[Source material Boundary: Start]
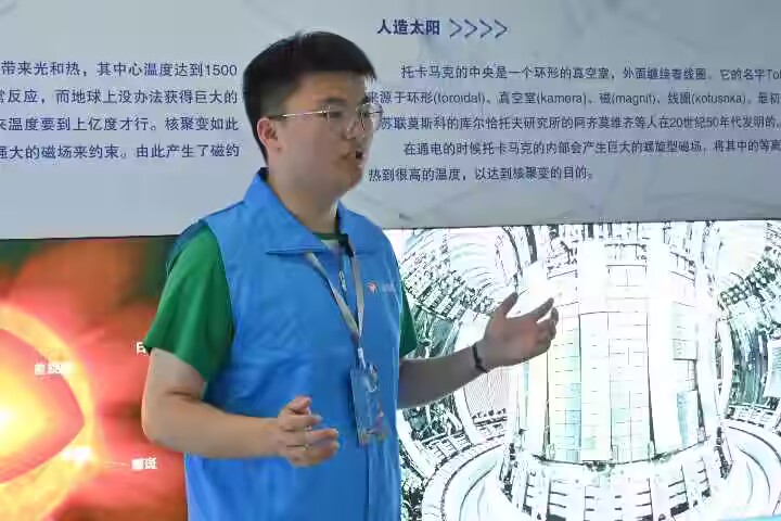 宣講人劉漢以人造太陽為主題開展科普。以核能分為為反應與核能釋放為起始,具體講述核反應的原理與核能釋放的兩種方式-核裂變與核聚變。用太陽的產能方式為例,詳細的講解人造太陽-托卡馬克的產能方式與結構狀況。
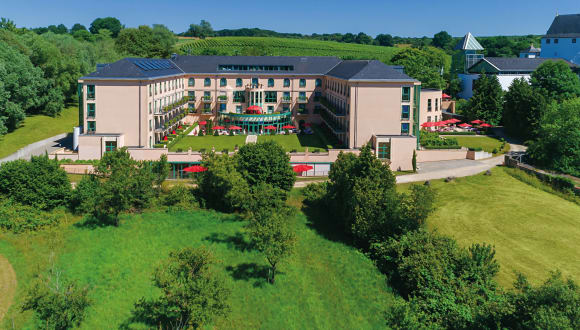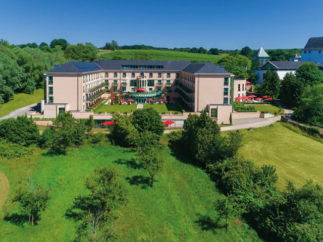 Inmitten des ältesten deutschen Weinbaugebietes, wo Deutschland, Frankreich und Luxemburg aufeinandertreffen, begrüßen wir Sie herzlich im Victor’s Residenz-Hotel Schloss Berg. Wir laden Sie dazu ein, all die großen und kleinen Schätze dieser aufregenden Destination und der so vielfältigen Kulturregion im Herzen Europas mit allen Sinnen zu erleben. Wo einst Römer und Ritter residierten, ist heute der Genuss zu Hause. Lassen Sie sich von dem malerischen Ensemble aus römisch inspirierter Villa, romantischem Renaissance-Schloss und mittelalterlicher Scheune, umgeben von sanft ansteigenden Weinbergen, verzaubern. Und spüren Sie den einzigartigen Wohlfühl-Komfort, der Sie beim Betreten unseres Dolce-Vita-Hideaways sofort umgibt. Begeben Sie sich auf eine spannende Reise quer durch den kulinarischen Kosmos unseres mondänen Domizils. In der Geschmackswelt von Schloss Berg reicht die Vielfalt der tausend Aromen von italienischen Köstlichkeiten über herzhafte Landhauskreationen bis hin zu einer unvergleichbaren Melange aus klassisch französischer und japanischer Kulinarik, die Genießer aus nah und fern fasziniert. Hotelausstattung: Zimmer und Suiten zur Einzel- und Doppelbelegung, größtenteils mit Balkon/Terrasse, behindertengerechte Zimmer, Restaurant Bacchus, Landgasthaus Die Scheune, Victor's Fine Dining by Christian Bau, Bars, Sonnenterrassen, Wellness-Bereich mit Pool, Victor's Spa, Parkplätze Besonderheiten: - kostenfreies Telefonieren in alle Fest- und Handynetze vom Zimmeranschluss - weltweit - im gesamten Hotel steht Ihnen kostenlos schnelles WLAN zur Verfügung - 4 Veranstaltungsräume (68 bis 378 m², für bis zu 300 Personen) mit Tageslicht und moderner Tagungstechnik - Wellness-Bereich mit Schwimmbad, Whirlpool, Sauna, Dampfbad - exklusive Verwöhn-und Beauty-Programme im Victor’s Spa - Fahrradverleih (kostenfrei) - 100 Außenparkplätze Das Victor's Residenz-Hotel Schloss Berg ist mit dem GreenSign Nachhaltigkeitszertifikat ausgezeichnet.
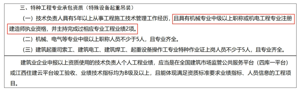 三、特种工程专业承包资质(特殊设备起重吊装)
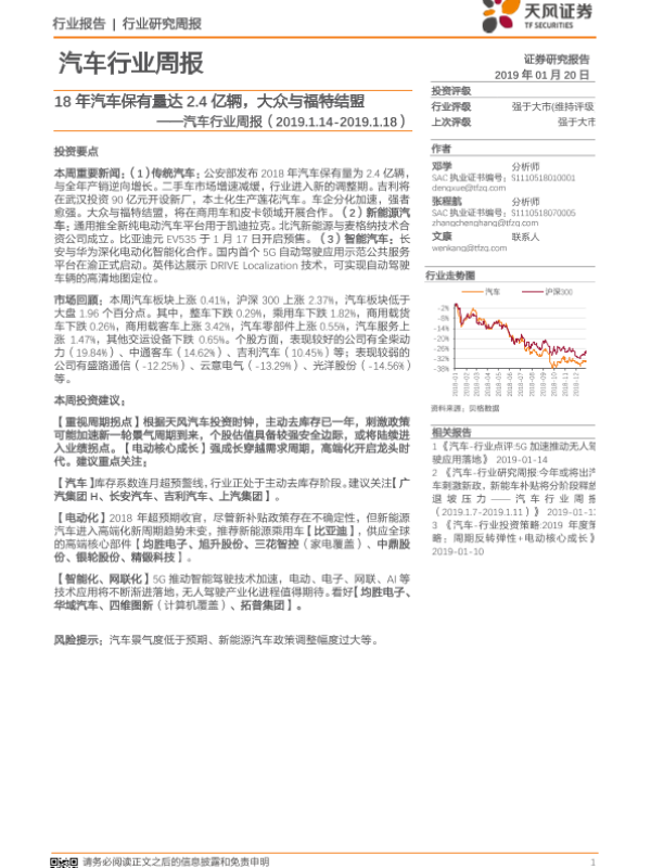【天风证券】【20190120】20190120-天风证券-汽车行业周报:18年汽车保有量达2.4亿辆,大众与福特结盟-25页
[Source material Boundary: End]
• Work item:
The expected answer is the whole listing above, copied exactly, with images excluded.

• Answer:
 宣講人劉漢以人造太陽為主題開展科普。以核能分為為反應與核能釋放為起始,具體講述核反應的原理與核能釋放的兩種方式-核裂變與核聚變。用太陽的產能方式為例,詳細的講解人造太陽-托卡馬克的產能方式與結構狀況。
 Inmitten des ältesten deutschen Weinbaugebietes, wo Deutschland, Frankreich und Luxemburg aufeinandertreffen, begrüßen wir Sie herzlich im Victor’s Residenz-Hotel Schloss Berg. Wir laden Sie dazu ein, all die großen und kleinen Schätze dieser aufregenden Destination und der so vielfältigen Kulturregion im Herzen Europas mit allen Sinnen zu erleben. Wo einst Römer und Ritter residierten, ist heute der Genuss zu Hause. Lassen Sie sich von dem malerischen Ensemble aus römisch inspirierter Villa, romantischem Renaissance-Schloss und mittelalterlicher Scheune, umgeben von sanft ansteigenden Weinbergen, verzaubern. Und spüren Sie den einzigartigen Wohlfühl-Komfort, der Sie beim Betreten unseres Dolce-Vita-Hideaways sofort umgibt. Begeben Sie sich auf eine spannende Reise quer durch den kulinarischen Kosmos unseres mondänen Domizils. In der Geschmackswelt von Schloss Berg reicht die Vielfalt der tausend Aromen von italienischen Köstlichkeiten über herzhafte Landhauskreationen bis hin zu einer unvergleichbaren Melange aus klassisch französischer und japanischer Kulinarik, die Genießer aus nah und fern fasziniert. Hotelausstattung: Zimmer und Suiten zur Einzel- und Doppelbelegung, größtenteils mit Balkon/Terrasse, behindertengerechte Zimmer, Restaurant Bacchus, Landgasthaus Die Scheune, Victor's Fine Dining by Christian Bau, Bars, Sonnenterrassen, Wellness-Bereich mit Pool, Victor's Spa, Parkplätze Besonderheiten: - kostenfreies Telefonieren in alle Fest- und Handynetze vom Zimmeranschluss - weltweit - im gesamten Hotel steht Ihnen kostenlos schnelles WLAN zur Verfügung - 4 Veranstaltungsräume (68 bis 378 m², für bis zu 300 Personen) mit Tageslicht und moderner Tagungstechnik - Wellness-Bereich mit Schwimmbad, Whirlpool, Sauna, Dampfbad - exklusive Verwöhn-und Beauty-Programme im Victor’s Spa - Fahrradverleih (kostenfrei) - 100 Außenparkplätze Das Victor's Residenz-Hotel Schloss Berg ist mit dem GreenSign Nachhaltigkeitszertifikat ausgezeichnet.
 三、特种工程专业承包资质(特殊设备起重吊装)
【天风证券】【20190120】20190120-天风证券-汽车行业周报:18年汽车保有量达2.4亿辆,大众与福特结盟-25页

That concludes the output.